Chapelle de l'Espoir
Eglise évangélique
[Chapelle de l’Espoir]


Verset du jour :


La différence entre le rêve et la réalité

Message donné le 10 août 2014 par Gilles Bourquin

Lecture : Mt 27 :17-19

Il semble que le couple de l’homme responsable de la décision politique de crucifier Jésus ne soit pas totalement dépourvu de moralité en voyant cette phrase de la femme de Pilate. C’est étonnant de la part de la femme du gouverneur romain par qui la mort de Jésus a été décidée.
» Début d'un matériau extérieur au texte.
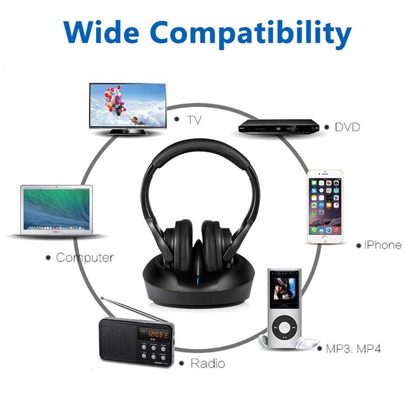 - 【COMPATIBILITY BEYOND YOUR IMAGINE 】Compatible with TVs, set-top DVD & Blu-Ray players, DVR's, satellite receivers, a/v receivers, laptops, mac/PC, computer, MP3 players, LCD, Plasma and standard televisions. These wireless TV headphones offer flexibility and compatibility with any devices with AUX/Digital Optical/Coaxial/3.5mm or RCA audio out ports.
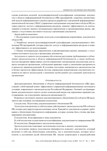 В данной научной статье рассмотрены основные вопросы, касающиеся разработки подходов к управлению документационным обеспечением в области информационной безопасности промышленных предприятий. Применен системный подход к управлению документационным обеспечением в предметной области информационной безопасности (ИБ) промышленных предприятий. Подчеркивается важность формирования документального пакета на основании комплексного анализа нормативно-правового регулирования и внутренних процессов организаций в контексте действующего законодательства Российской Федерации. В ходе проведения научных исследований были выделены три ключевые подсистемы: подготовка документационного обеспечения ИБ, классификация и типизация документов, а также направления и методология их анализа. Эти подсистемы позволяют разработать исчерпывающее руководство по процессам документирования, которое учитывает как обязательные требования, так и дополнительные элементы, способствующие комплексной всесторонней защите информации. В результате предлагается интегрированная модель диагностики состояния документационного обеспечения, отвечающая требованиям как российского, так и международного законодательства. Основной целью работы является разработка системного описания процессов управления документационным обеспечением в области информационной безопасности на основе комплекса моделей: мультииерархической классификации электронных документов в области информационной безопасности (ИБ) предприятий; теоретико-множественной модели информационного анализа процесса разработки электронной информационно-аналитической системы (ЭИАС) управления электронными документами в области ИБ. Создание целостной системы позволит обеспечить защиту информации в условиях как нормальной работы, так и экстремальных ситуаций, таких как кибератаки или утечки данных.
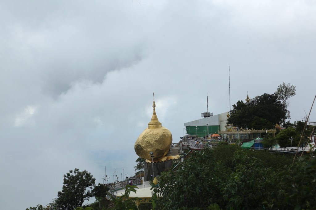 ကျွန်တော်တို့လမ်းပြက အထမ်းသမားကပ်ပြားမရှိတဲ့အတွက် ကားရပ်နားကွင်းကို ကျော်လို့ မရဘူး။ သူ့မိတ်ဆွေ အထမ်းသမားတစ်ယောက်နဲ့ချိတ်ပြီး ပစ္စည်းလွှဲပေးတယ်။ ကားရပ်နား စခန်းကျော် တာနဲ့ ခြေလျင်တောင်တက်ခရီးရဲ့ အခက်ခဲဆုံးအပိုင်းနဲ့ ရင်ဆိုင်ရပြီ။ လာပါ ယူပါ စားပါ ဝင်ကြည့်ပါ ခေါ်သံ တွေကို ဥပက္ခာပြု၊ ပုတီးလေးတွေ အတင်းထိုးပေးနေတဲ့ ကလေး တွေကို ရှောင်လင် သိုင်း၊ လေပွေသိုင်းတွေနဲ့ ကျော်ဖြတ်၊ အထဲ မဝင်ရင် အပြစ်ရှိမယ့် သဘော ပြောနေသူ တွေ ကို လျစ်လျူရှု ၊ အားလုံးကို ကျော်ဖြတ်နိုင်တဲ့အခါ ဘုရားရင်ပြင်တော် ပေါ်ကို ရောက်ပါပြီ။ ရင်ပြင်တော်ပေါ်ရောက်တဲ့အထိ ခရီးသွားချိန် ၅ နာရီ ၅၂ မိနစ်ကြာတယ်။ လမ်း
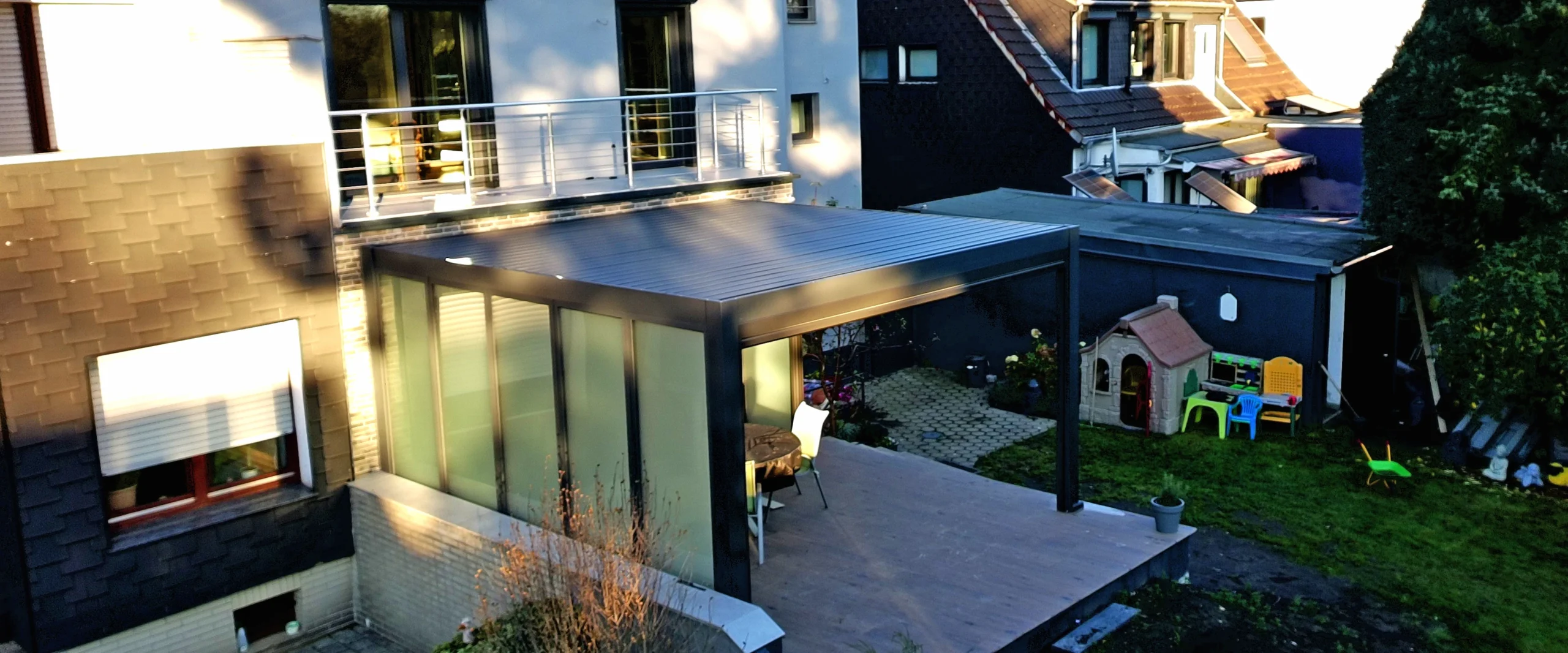 Bei diesem Projekt wurde eine maßgefertigte Pergola Stella Sky Classic harmonisch in die bestehende Terrassenstruktur eines Doppelhauses integriert.
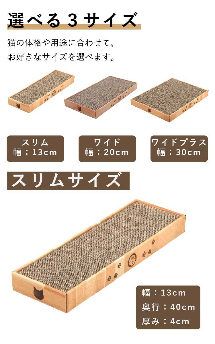 サイズは40*13*4cm。しっかりとした厚みと猫が伸び、つめとぎをするには十分な長さがありながら、横幅は13cmとコンパクト。
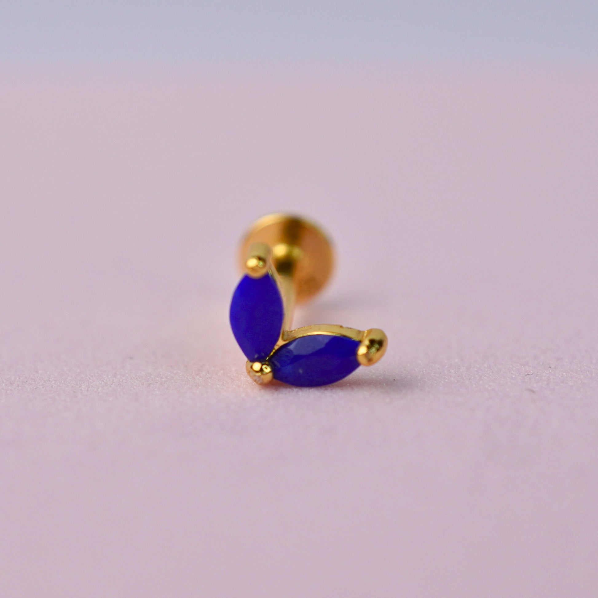 The genuine lapis lazuli displays stunning deep blue hues that evoke the beauty of the midnight sky, often with subtle golden pyrite flecks that add natural character. The two elongated marquise cuts are arranged in a graceful curve, creating an elegant and eye-catching silhouette. The flat back design with screw-back closure ensures maximum comfort and security for all-day wear in lobe, cartilage, tragus, or helix piercings.
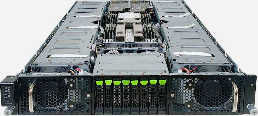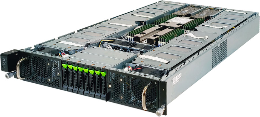 Dual 4th/5th Gen Intel Xeon Scalable Processors, NVIDIA OVX™ L40S Server with 4 GPUs, 2x 10Gb/s BASE-T LAN ports (Broadcom® BCM57416), 8x 2.5" NVMe/SATA hot-swappable drive bays.
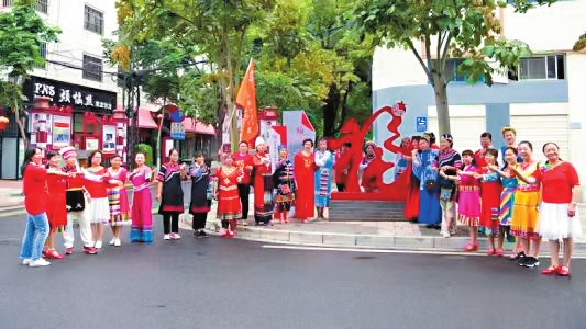 “中华民族一家亲,同心共圆中国梦”“党在我心中,永远跟党走”……在盘龙区鼓楼街道桃源社区的街道、公园、广场,随处可见民族团结进步标语,潜移默化地凝聚起人们的民族团结意识。
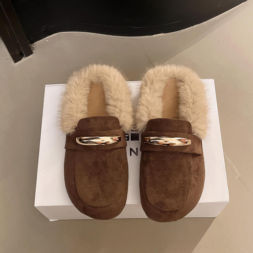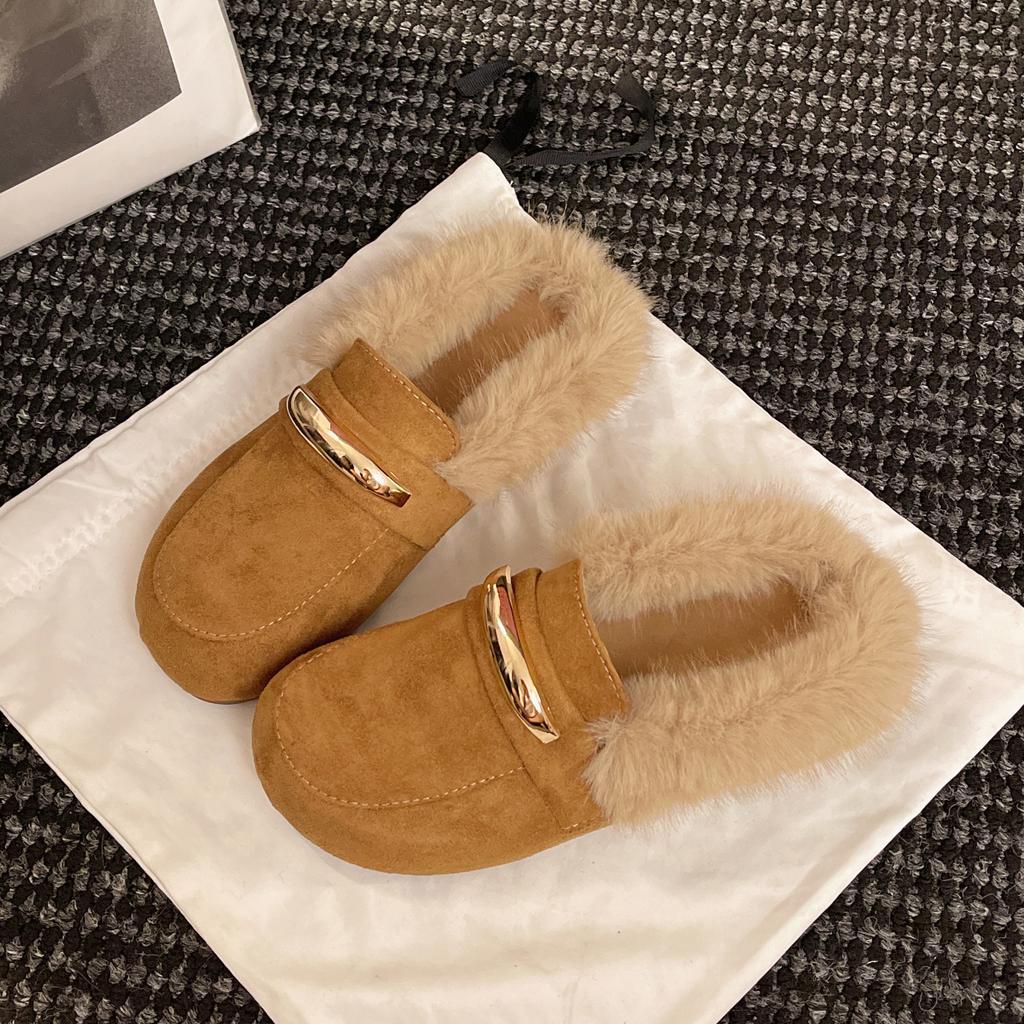 Модные Aphixta 2025 Плоские с теплыми тапочками Замшевый верх Плюшевые пушистые слипоны Мюли Металлическая отделка Лаконичные уличные тапочки
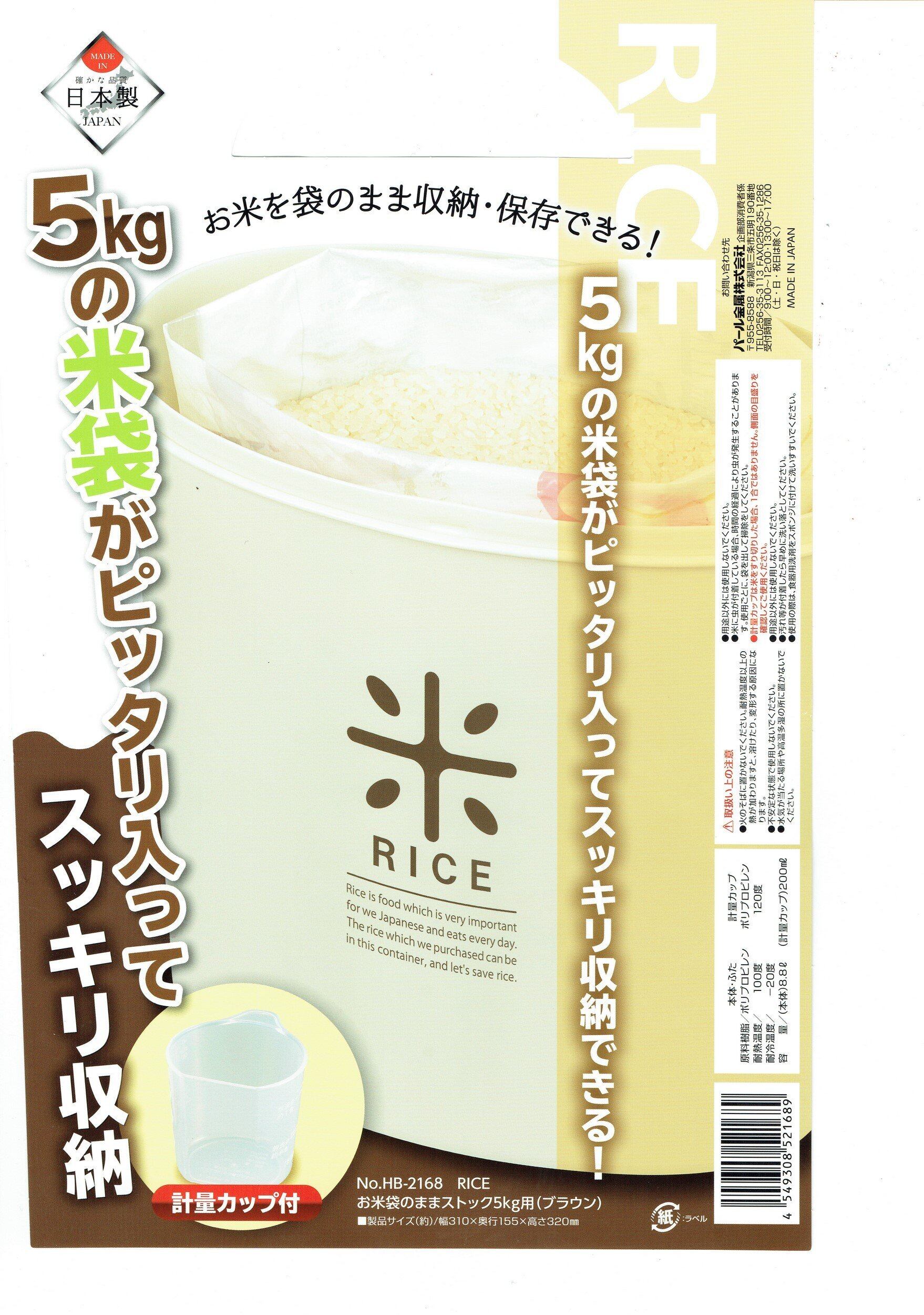 パール金属 日本製 米びつ 5kg ブラウン 計量カップ付 お米 袋のまま ストック RICE HB-2168
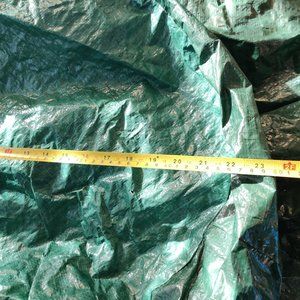 Open box or package. Never used. It was brought for a live tree but decided to stick with artificial. The material is tarp-like so it can be used for bulky items. I noticed a small hole when I was taking the photos, but it wasn't used before. Not sure if there are more but nothing obvious at first glance.
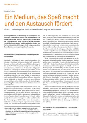 Ein Medium, das Spaß macht und den Austausch fördert : SUBTEXT für Partizipation: Podcast »Über die Benutzung von Bibliotheken« / Charlotte Feidicker
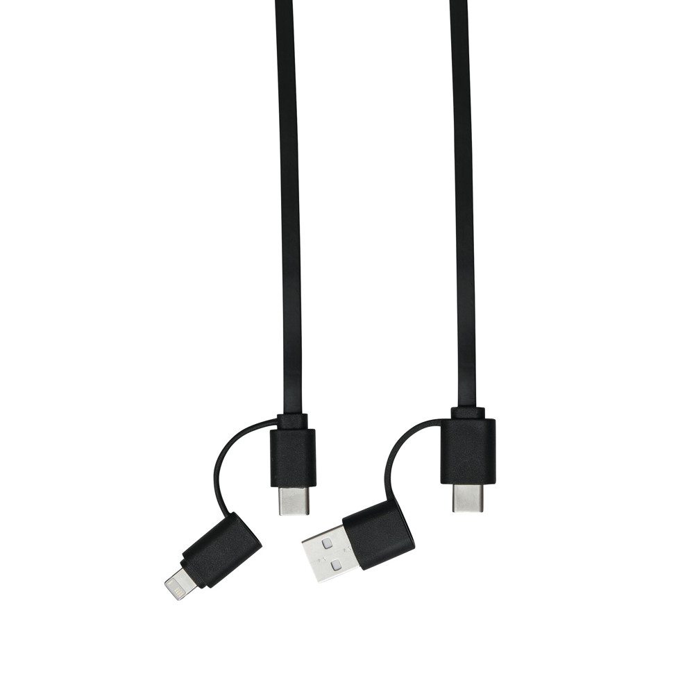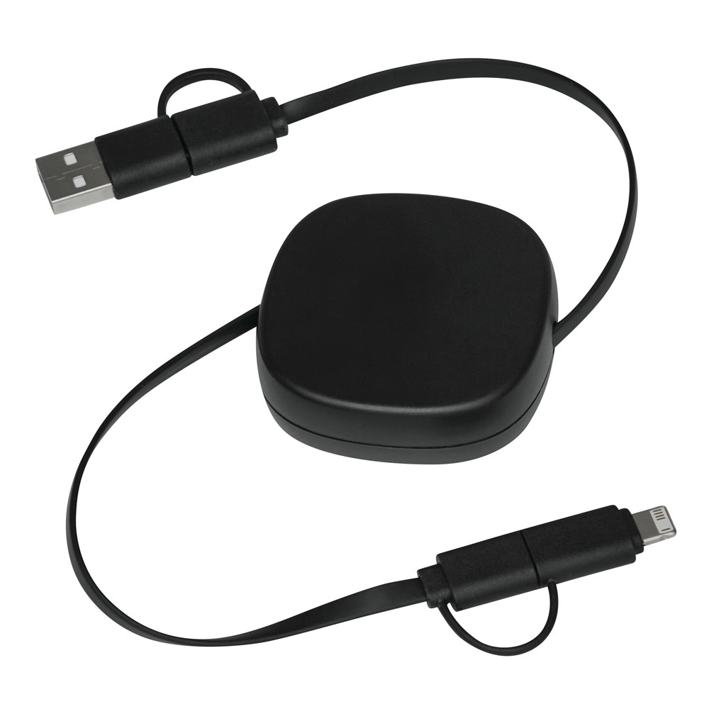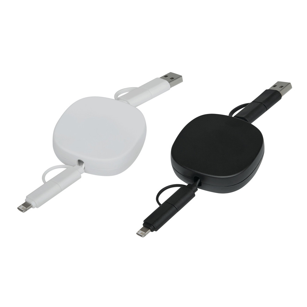 Oplaad- en datakabel TRANSFER SQUARE: oprolbaar (lengte ca. 92 cm), voor het opladen van elektronische apparaten, inclusief laptops (65 W vermogen), en voor gegevensoverdracht, met gecombineerde USB type A / type C ingangsstekker en gecombineerde USB type C / micro USB / Lightning® uitgangsstekker.
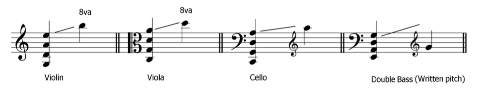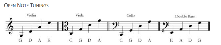 List the open string notes of all string section instruments

Cette femme a eu un rêve. Il y a souvent une grande différence entre nos rêves et la réalité. Il y a une différence entre ce qu’on imagine, nos illusions, et ce qui est concrètement vrai. On a tendance à planer sur un petit nuage, on voit l’Église plus belle qu’elle est, etc. Parfois, on aimerait tellement que tout aille bien qu’on a de la peine à voir la réalité en face.

Le thème du message est la différence entre ce qu’on rêve, ce qu’on projette, ce qu’on espère, et ce qui est vrai. Il y a des exemples bien connus : la jeune fille de 15 ans qui rêve d’être une star. On rêve aussi tous d’être un « bon chrétien », mais si notre épouse nous dit qu’on est trop fatiguant, susceptible, trop centré sur nous-même, etc. : cela nous ramène à la réalité. Il y a le rêve de ce que l’on imagine devoir être et la réalité de ce que l’on est. Par bon sens ou humilité, il est mieux de redescendre sur terre.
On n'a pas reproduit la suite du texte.